DATA FOR PROCESSING —
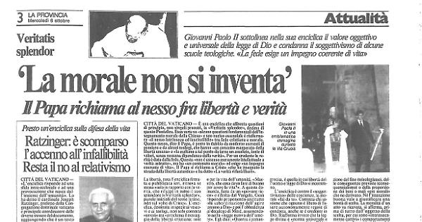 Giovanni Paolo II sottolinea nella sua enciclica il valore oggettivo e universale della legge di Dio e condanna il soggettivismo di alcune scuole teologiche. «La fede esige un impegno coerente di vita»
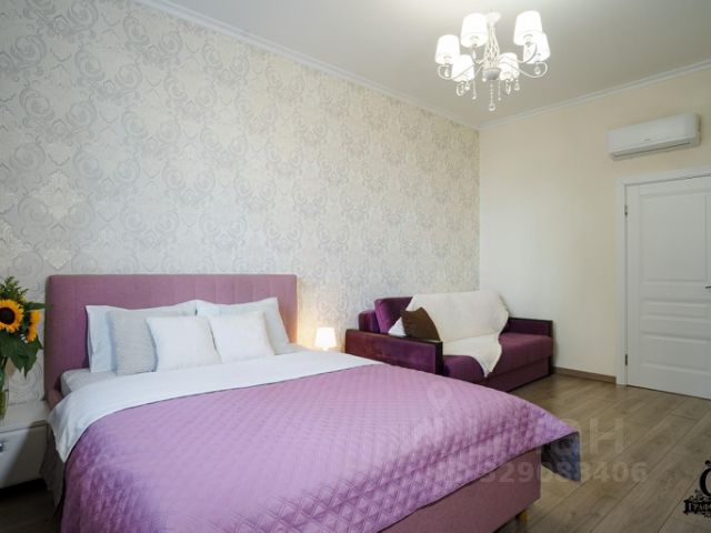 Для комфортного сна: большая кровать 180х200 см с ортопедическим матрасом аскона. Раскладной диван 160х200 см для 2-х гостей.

==

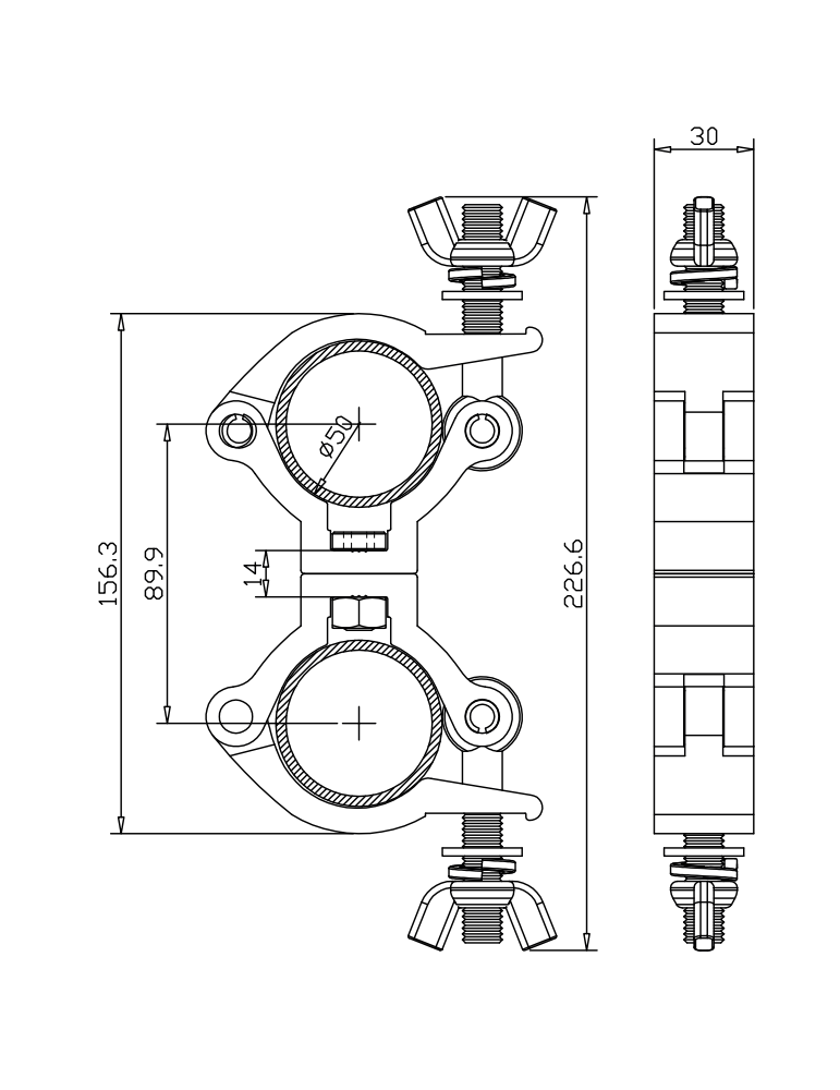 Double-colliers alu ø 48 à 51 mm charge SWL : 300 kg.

* * *

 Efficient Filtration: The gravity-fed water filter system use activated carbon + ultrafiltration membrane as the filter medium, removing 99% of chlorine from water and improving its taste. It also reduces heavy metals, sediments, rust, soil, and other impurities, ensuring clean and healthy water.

WHAT IS REQUIRED — In the listing above, find the line with "Giovanni Paolo II" and the line with "Для комфортного сна: большая". Copy exactly those two and every line between, without the pictures.

SOLUTION TO THIS TASK —
 Giovanni Paolo II sottolinea nella sua enciclica il valore oggettivo e universale della legge di Dio e condanna il soggettivismo di alcune scuole teologiche. «La fede esige un impegno coerente di vita»
 Для комфортного сна: большая кровать 180х200 см с ортопедическим матрасом аскона. Раскладной диван 160х200 см для 2-х гостей.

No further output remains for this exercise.